25 October, 2010

There isn't a word for what I'm going to be when I grow up.

I make a lot of plans and to-do lists and whathaveyous. I'm trying to do that now and realizing I don't really want to. I am reconciling, recoiling, remarkable.

We haven't talked about it but I'm pretty sure my mom took some time off to "find herself." When else could she find time to hitch-hike to Alaska? I'm hoping she remembers how good that time was for her and her mental health when I tell her this weekend that I'm dropping out of society as much as possible. I know my parents will always love me but I also want them to be proud of me.
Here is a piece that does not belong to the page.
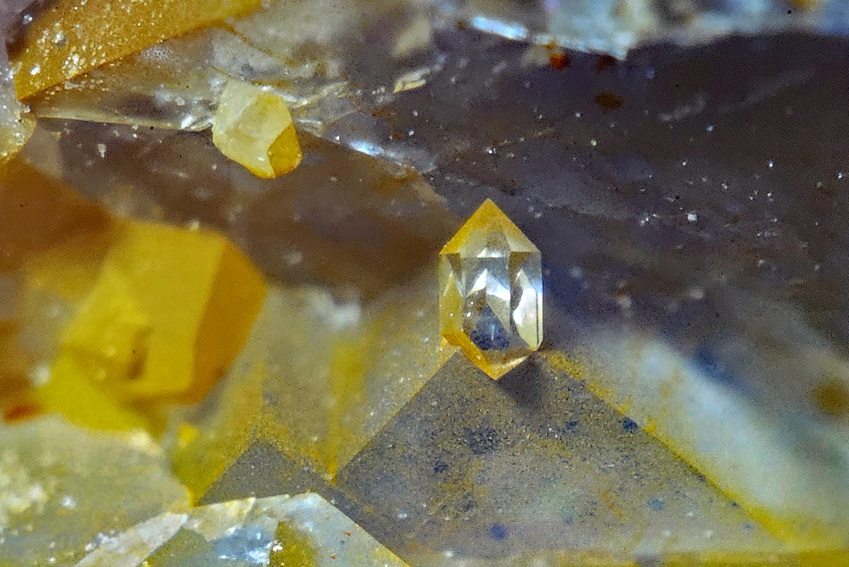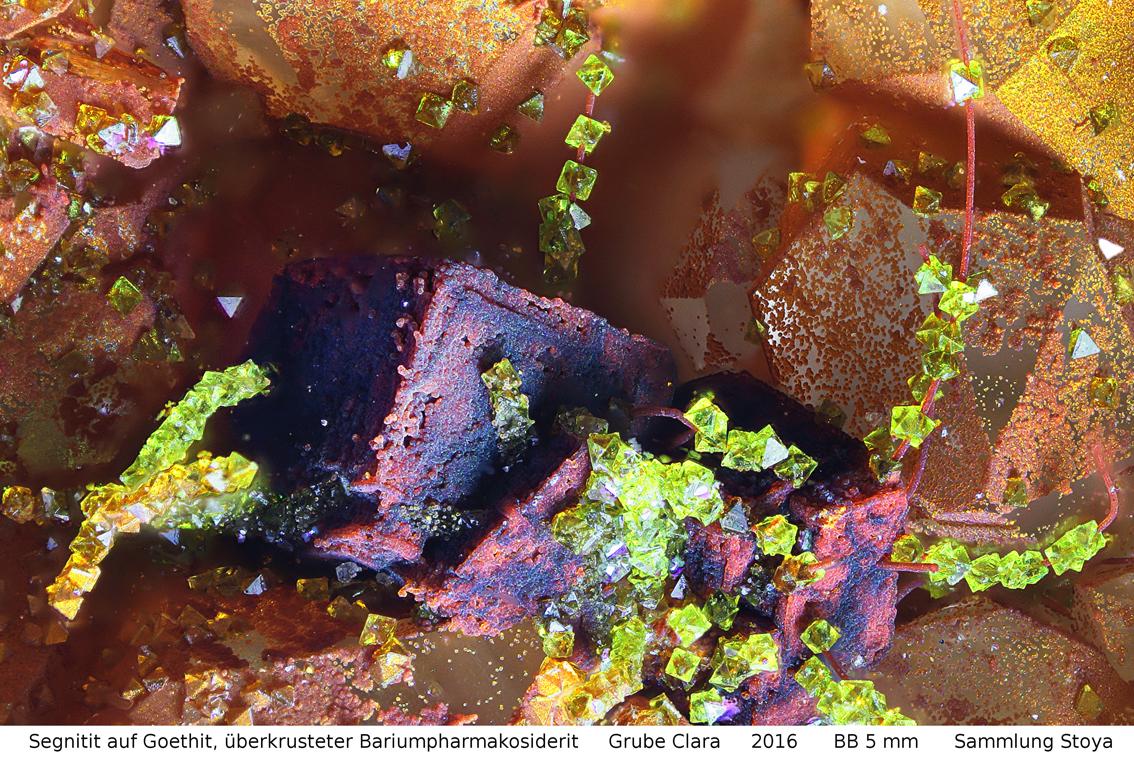 Segnitit auf Goethit mit Pharmakosiderit, Grube Clara, Bildbreite 5,0 Millimeter. |

I'm sure they'd have a much harder time saying, "Oh, Susan? She's... quit school and is working full-time! Yeah, we're proud of our average girl!" I'm not any less valuable because I don't strive to be rich, famous, or ridiculously well-off, right? I hope not.

So, I have a plan? An idea? A goal? I know what I'm doing right now is not working. I know how to get out of it.

For now, working a lot more to get a place in Gainesville with John. More working and saving to move to Colorado (Colorado! Who would've thunk it?). Working and making connections in the Cannabis Business (Cannabusiness?) until I get restless enough to make new plans. Ultimately, I want to be in Washington, in a house, adopt two kids.

Scary is exciting but nice is different from good.